Ознакомительная версия.
Так что там со столом? Отличен ли он от своих частей? Нет, стол не отыскать за их пределами. Значит, он тождествен своим частям? Нет, потому что единое не может быть тождественно множеству. Находится ли он в частях? Нет, ведь стола не существует по чуть-чуть в каждой из ножек. Находятся ли части в нем? Нет, потому что то, с чем мы встречаемся на опыте, это лишь части, которые не заключены в некую рамку. Обладает ли стол этими частями? Нет, потому что мы не смогли найти его нигде под столешницей. Но тогда, наверное, он — их набор? Нет, поскольку он должен быть чем-то большим, нежели пара элементов. Но и не является системой из них? Нет, не является, ведь искать систему среди элементов — напрасный труд. Вот так мы дошли до так называемых семи отрицаний, благодаря которым буддийская философия отменяет понятие объекта, или, говоря нормальным языком, отнимает немного конкретности у окружающих нас предметов, на которые мы проецировали фантазии об их реальности и субстанциональности.

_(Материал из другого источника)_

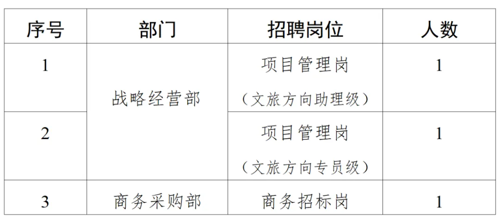 为满足津北文旅发展需求,特招聘劳务派遣制工作人员3人。
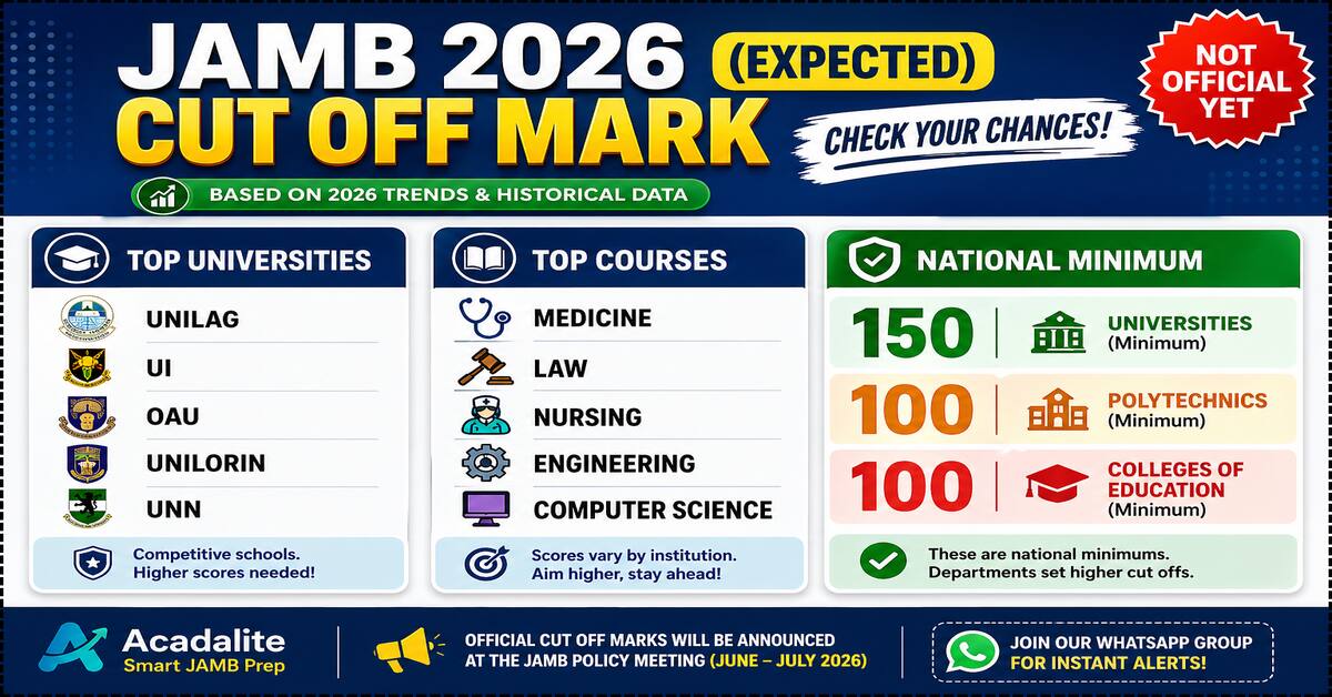 The official JAMB cut off mark for 2026 is not out yet. See the expected scores for Medicine, Law, Nursing, Engineering and top universities like UNILAG, UI, and OAU.
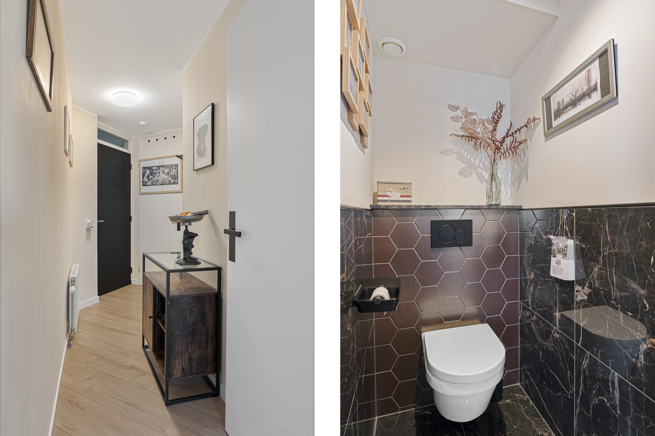 Het toilet is eveneens via de woonkamer bereikbaar en volledig gemoderniseerd. Naast het toilet bevindt zich een vaste kast met de opstelling van de cv-ketel (huur).
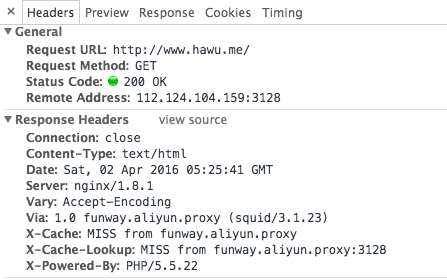 通过代理访问http://www.hawu.me,打开开发者工具中的网络窗口,检查该请求的状态,可以看到Remote Address为我们设置的代理,在Response Headers里还有我定义的代理服务器名”funway.aliyun.proxy”,表示这个请求是通过我们的代理服务器返回的。
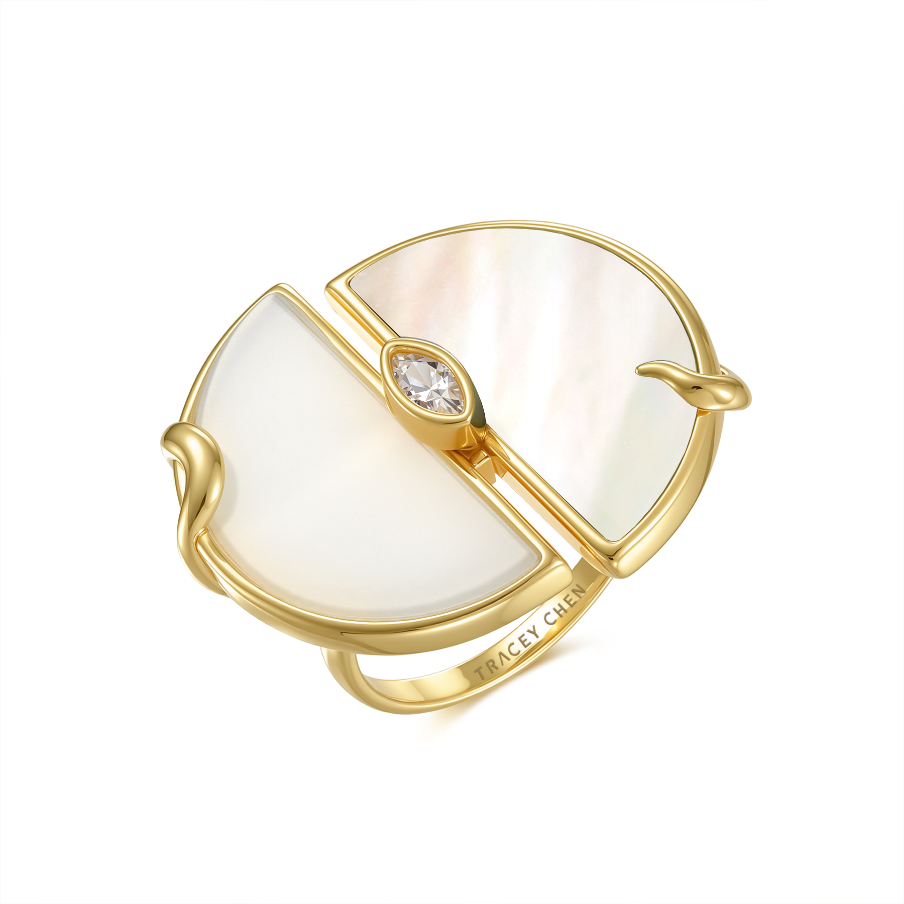 限量款蛇形雙半圓天然墨翡母貝未來鑽戒指(10分)

Все потому, что вещи пусты, или лишены собственной сущности. Они есть, но их как бы нет, они есть, лишенные самого главного компонента, который должен усиливать их реальность, компонента, оказавшегося мнимым. Именно это имеется в виду в знаменитом утверждении буддийской философии «форма есть пустота». Под формой здесь понимается любая материальная вещь (сейчас неважно, что понимается под материей). Пустота же на санскрите и в тибетском языке означает отсутствие чего-либо в чем-то другом, но — и давайте об этом помнить — вовсе не ничто. Пустота — лишь отсутствие сущности предмета в самом предмете, который никуда не пропадает, хотя и становится несколько менее реальным. Согласен, это достаточно важное отсутствие — если мы имеем склонность к онтологии, — потому что именно сущность гарантирует вещи ее предметность, но ведь все прочее остается, то есть остается все то, что и так до сих пор было объектом жизненного опыта. Мы можем и дальше сидеть за столом, есть или танцевать на нем, несмотря на то, что он пустой, то есть лишен сущности, которая не выпала из него после отламывания ножек, не выпала лишь потому, что ее там и не было. Буддийская философия говорит: «вещи пусты», но она не отбирает их у нас. Они продолжают оставаться предметом нашего жизненного опыта, но уже не будут настолько реальными, как мы думали раньше. Это очень просто. Раньше мы думали, что стол существует, что на философском языке Востока означает, что он обладает сущностью. Теперь в связи с невозможностью ее обнаружить у нас остается нечто, что кажется столом, но не подтверждено столовостью — мы имеем стол, лишенный стола. Мир не изменился, изменилось наше воззрение. Мы открыли нечто, чего раньше не знали, а именно, что вещам, чтобы проявиться в нашем переживании, вовсе не нужно обладать сущностью. Реальность, оказывается, не такая уж реальная, как мы считали, поскольку вещи пусты, и в конечном итоге не являются вещами в полном онтологическом смысле. Стол — это результат соединения столешницы с четырьмя ножками, которые, хотя и остаются только столешницей и четырьмя ножками, ошибочно принимаются нами за нечто большее, за стол сам в себе. Этот стол — лишь наша проекция, наложенная на пять данных элементов, которые о своей столовости не имеют ни малейшего понятия, так же как не имеют представления о том, что они не стол, будучи разобранными на части.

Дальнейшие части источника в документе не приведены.